- What is required: Print again, word for word, all of the records below, and leave the pictures out.

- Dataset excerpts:
*** Begin section ***
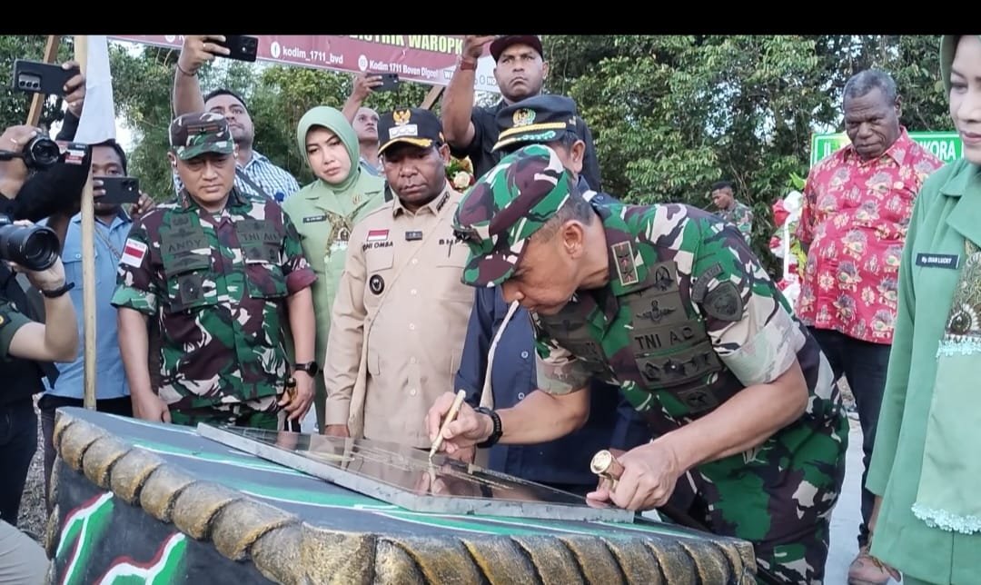 Warisan Abadi TMMD 126: Pangdam XXIV/Mandala Trikora Resmikan Hasil Pembangunan dengan Penandatanganan Prasasti di Waropko
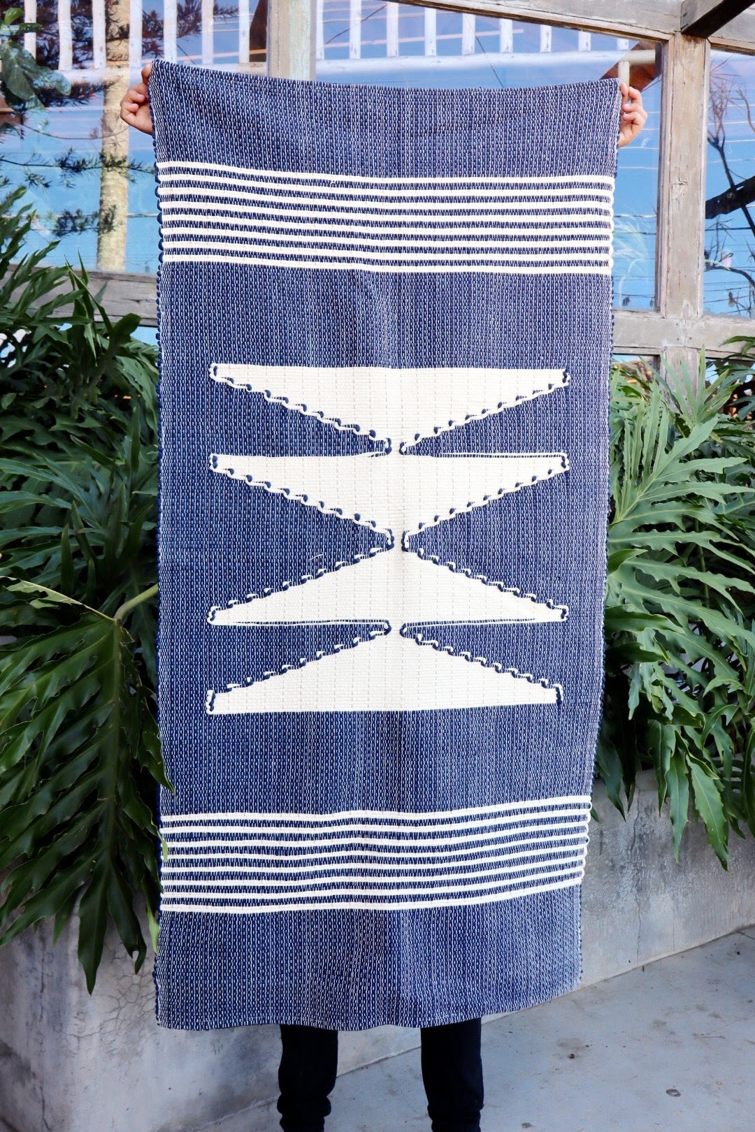 Tapete Médio Malha Azul Escuro com Bico Cru Sem Franja
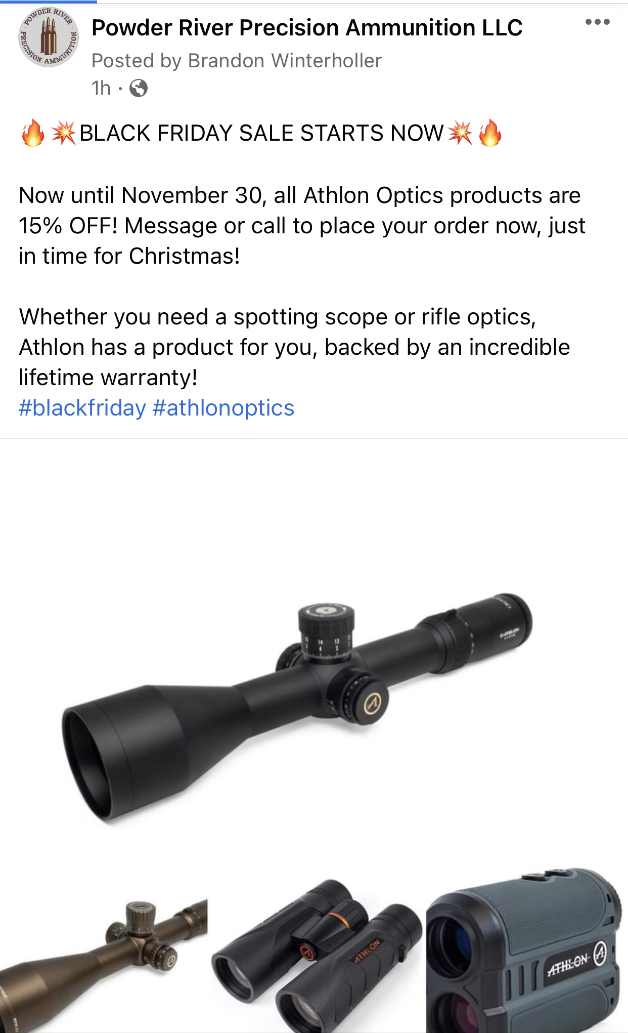Our prices have been pretty fixed for several years. It is with disappointment that I must announce that on January 1st the cost of our barrels is going to increase approximately $35 across the board to cover the increased costs of production. We do not currently foresee a price increase on bullets happening before April 2021 but the copper and overall metals commodities markets have gone up substantially in the past few months and we have to react to it.
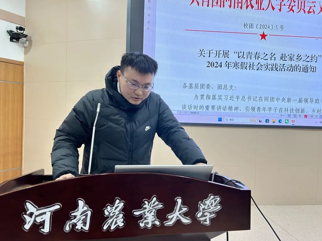 会议伊始,陈翔向同学们详细地介绍了社会实践活动内容、活动形式与活动要求,帮助同学们认识社会实践的目标和任务,确保活动的顺利进行。他强调,在实践中要依托学校学科优势和专业特色,紧紧围绕巩固和发展乡村振兴成果,促进乡村振兴服务,讲好乡村振兴故事。他鼓励同学们将理论知识与实际操作相结合,积极投入到社会实践中去,提高自身的综合素质和能力,弘扬爱国主义精神,培养家国情怀,为社会的发展贡献自己的力量。
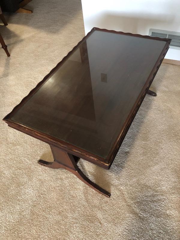 033:  Vintage Coffee Table With Glass Top
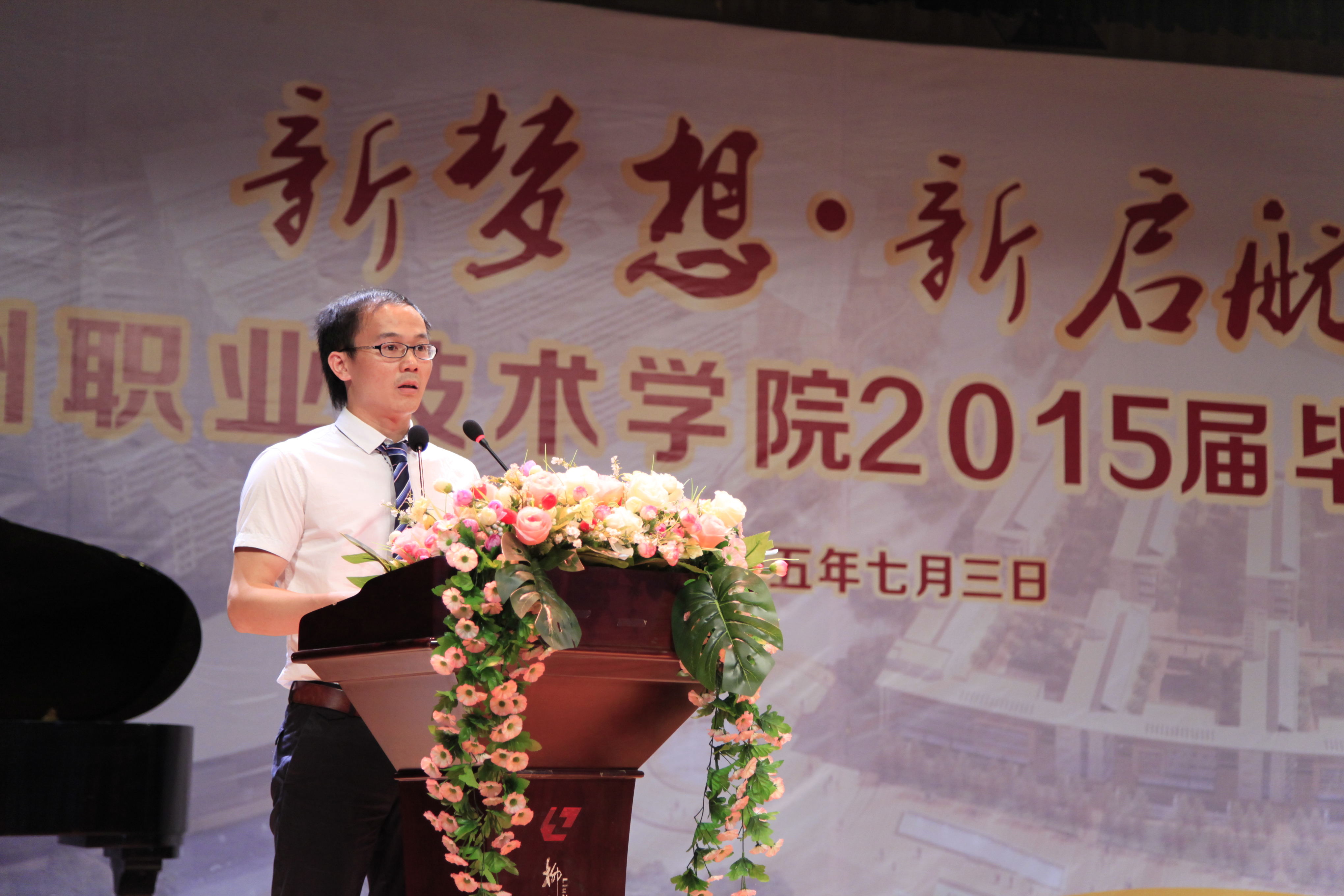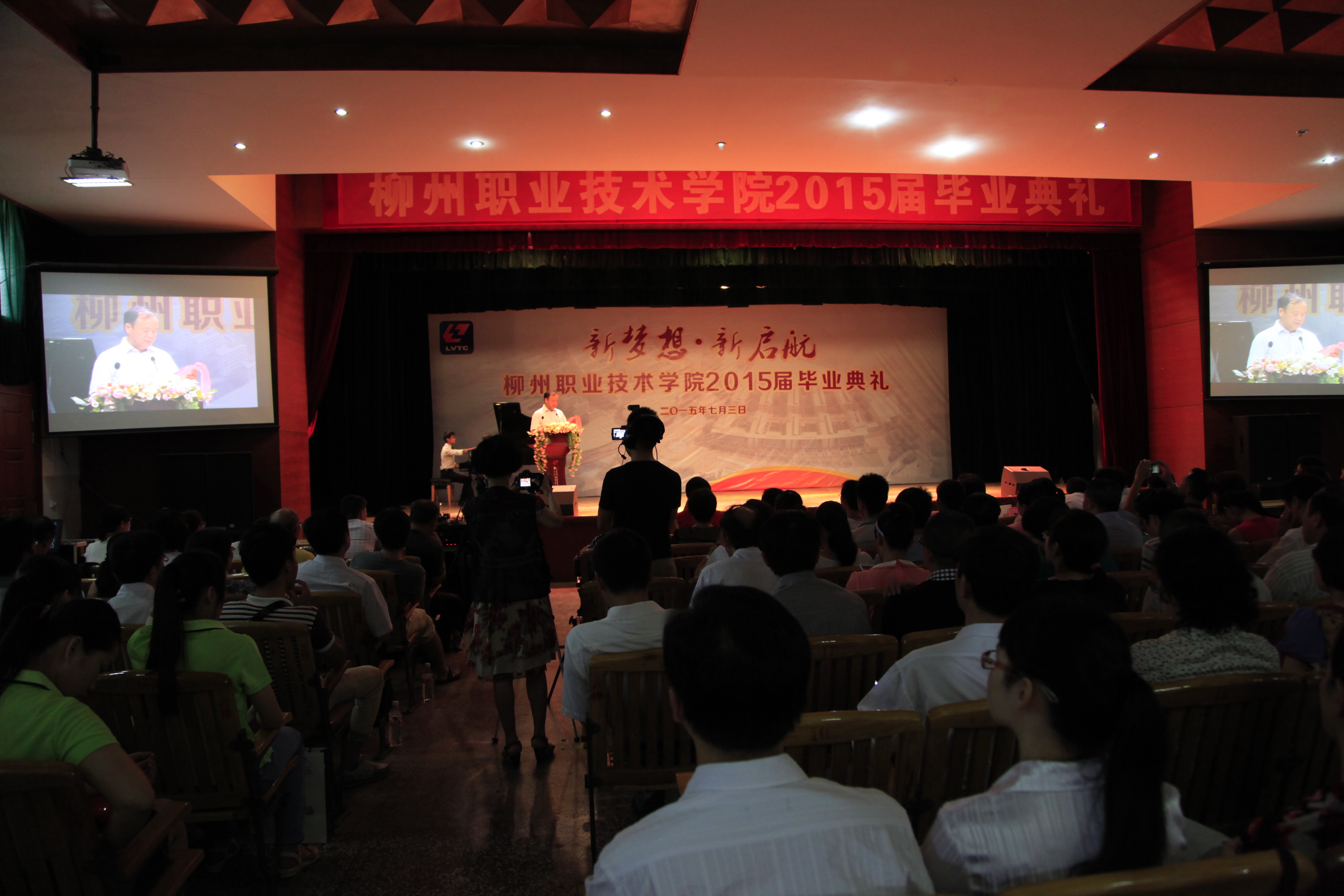 仪式播放了泪点密布的MV《学弟学妹对你说》,以毕业生生活、学习与工作的多个片段,对过去的三年进行了深情回眸,一股离情别绪顿时弥漫开来;接着,党委书记朱伟才为35名学生颁发“2015届广西壮族自治区优秀毕业生”证书;之后,毕业生代表情真意切地抒发了内心的不舍、留恋与感恩。感恩父母的爱,感恩老师的谆谆教诲,感恩同学的支持与帮助。感谢柳职“志当高,学当勤,能必强,技必精”的校训,让他们顺利得到企业和社会的认可,表示将谨记“踏踏实实做人,认认真真做事”的柳职精神,到社会去直面风浪,在各自的工作岗位上去建功立业。
*** End section ***
- Answer to this problem:
 Warisan Abadi TMMD 126: Pangdam XXIV/Mandala Trikora Resmikan Hasil Pembangunan dengan Penandatanganan Prasasti di Waropko
 Tapete Médio Malha Azul Escuro com Bico Cru Sem Franja
Our prices have been pretty fixed for several years. It is with disappointment that I must announce that on January 1st the cost of our barrels is going to increase approximately $35 across the board to cover the increased costs of production. We do not currently foresee a price increase on bullets happening before April 2021 but the copper and overall metals commodities markets have gone up substantially in the past few months and we have to react to it.
 会议伊始,陈翔向同学们详细地介绍了社会实践活动内容、活动形式与活动要求,帮助同学们认识社会实践的目标和任务,确保活动的顺利进行。他强调,在实践中要依托学校学科优势和专业特色,紧紧围绕巩固和发展乡村振兴成果,促进乡村振兴服务,讲好乡村振兴故事。他鼓励同学们将理论知识与实际操作相结合,积极投入到社会实践中去,提高自身的综合素质和能力,弘扬爱国主义精神,培养家国情怀,为社会的发展贡献自己的力量。
 033:  Vintage Coffee Table With Glass Top
 仪式播放了泪点密布的MV《学弟学妹对你说》,以毕业生生活、学习与工作的多个片段,对过去的三年进行了深情回眸,一股离情别绪顿时弥漫开来;接着,党委书记朱伟才为35名学生颁发“2015届广西壮族自治区优秀毕业生”证书;之后,毕业生代表情真意切地抒发了内心的不舍、留恋与感恩。感恩父母的爱,感恩老师的谆谆教诲,感恩同学的支持与帮助。感谢柳职“志当高,学当勤,能必强,技必精”的校训,让他们顺利得到企业和社会的认可,表示将谨记“踏踏实实做人,认认真真做事”的柳职精神,到社会去直面风浪,在各自的工作岗位上去建功立业。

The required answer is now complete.